*** Opening Material provided ***

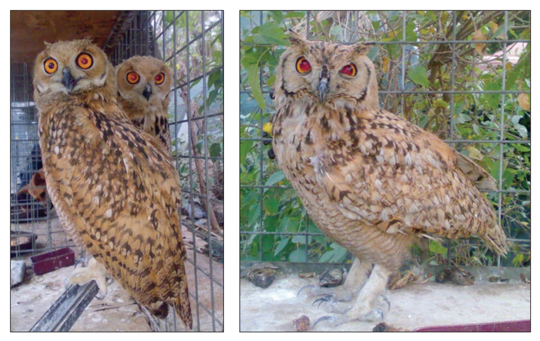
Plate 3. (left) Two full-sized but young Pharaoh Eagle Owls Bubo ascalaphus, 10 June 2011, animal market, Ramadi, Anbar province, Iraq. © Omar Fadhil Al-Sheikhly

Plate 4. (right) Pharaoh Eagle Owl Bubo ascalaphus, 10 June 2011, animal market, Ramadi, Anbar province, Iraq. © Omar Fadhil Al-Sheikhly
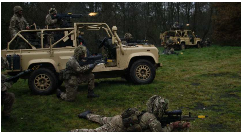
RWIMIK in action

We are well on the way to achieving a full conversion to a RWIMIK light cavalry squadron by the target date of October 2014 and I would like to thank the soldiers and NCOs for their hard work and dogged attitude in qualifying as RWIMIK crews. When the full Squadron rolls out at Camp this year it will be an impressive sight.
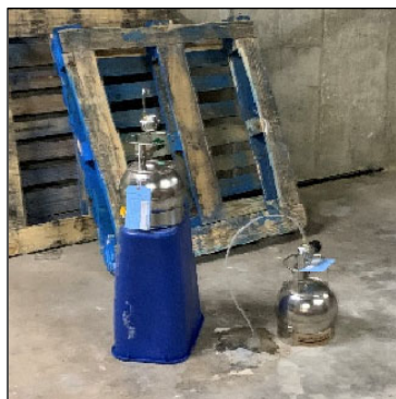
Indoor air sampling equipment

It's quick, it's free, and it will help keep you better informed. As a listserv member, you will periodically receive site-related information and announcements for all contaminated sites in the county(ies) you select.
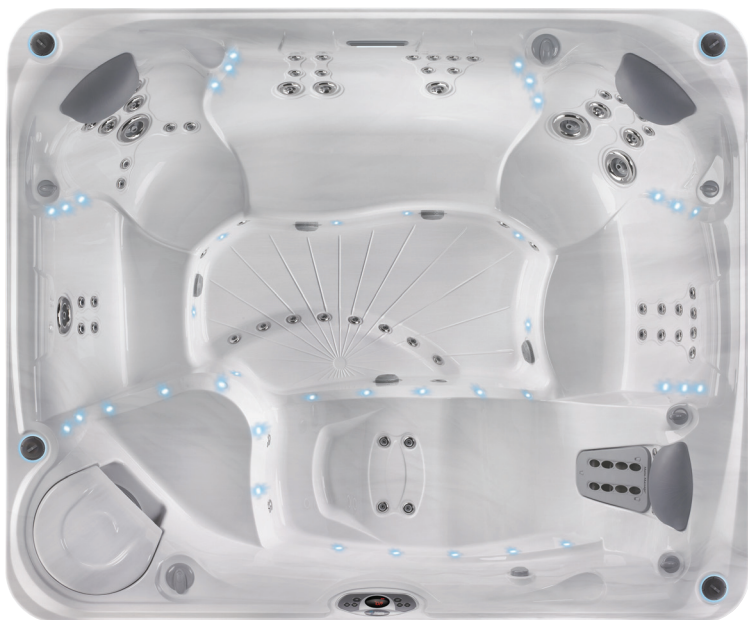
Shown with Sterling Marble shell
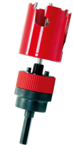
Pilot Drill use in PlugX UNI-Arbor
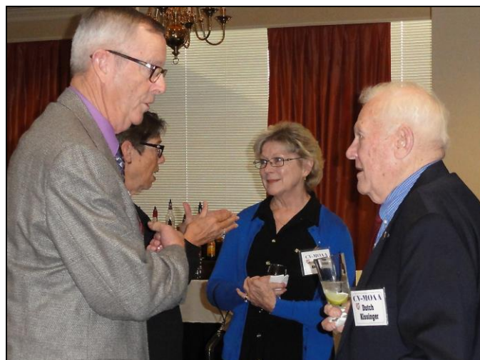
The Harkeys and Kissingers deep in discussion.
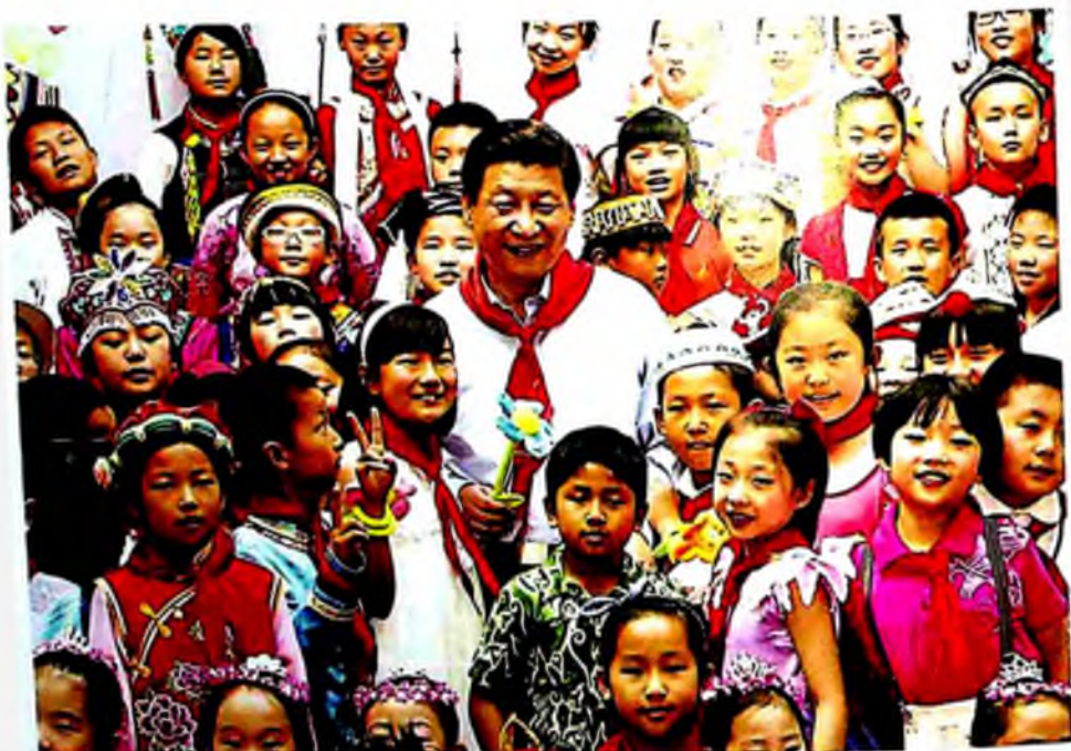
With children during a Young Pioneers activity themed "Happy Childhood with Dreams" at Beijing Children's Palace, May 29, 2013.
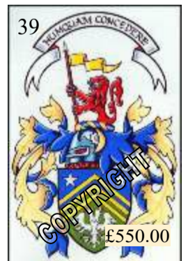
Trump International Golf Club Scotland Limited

*** Closing Material provided ***

◆ Instructions for the task: Return the opening line of the data above and every line after it up to and including the line that holds "RWIMIK in action"; pictures stay out.

◆ Result below:
Plate 3. (left) Two full-sized but young Pharaoh Eagle Owls Bubo ascalaphus, 10 June 2011, animal market, Ramadi, Anbar province, Iraq. © Omar Fadhil Al-Sheikhly

Plate 4. (right) Pharaoh Eagle Owl Bubo ascalaphus, 10 June 2011, animal market, Ramadi, Anbar province, Iraq. © Omar Fadhil Al-Sheikhly
RWIMIK in action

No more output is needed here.